2012 film festival in Japan

The 4th Okinawa International Movie Festival was held from March 24 to March 31, 2012 and took place at the Okinawa Convention Center in Ginowan City and Sakurazaka Theater in Naha, owned and run by Japanese director Yuji Nakae. Total attendance was 410,000.

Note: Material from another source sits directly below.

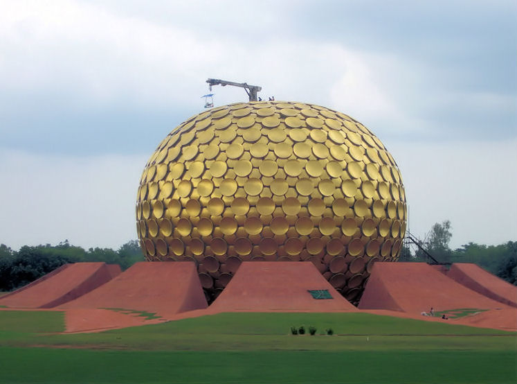 Matrimandir, Auroville Near Pondicheery in India

The fourth Okinawa International Movie Festival also included 'Okinawa Contents Land', in which 50 companies from around Asia showcased their products and services. Other events included the Pachinko Movie Awards for gamblers, a fashion show led by model and singer Anna Tsuchiya, live music and comedy from Okinawan artists Rimi Natsukawa and Begin, and the Okinawa Elementary School Movie Festival, which nurtures filmmakers of the future.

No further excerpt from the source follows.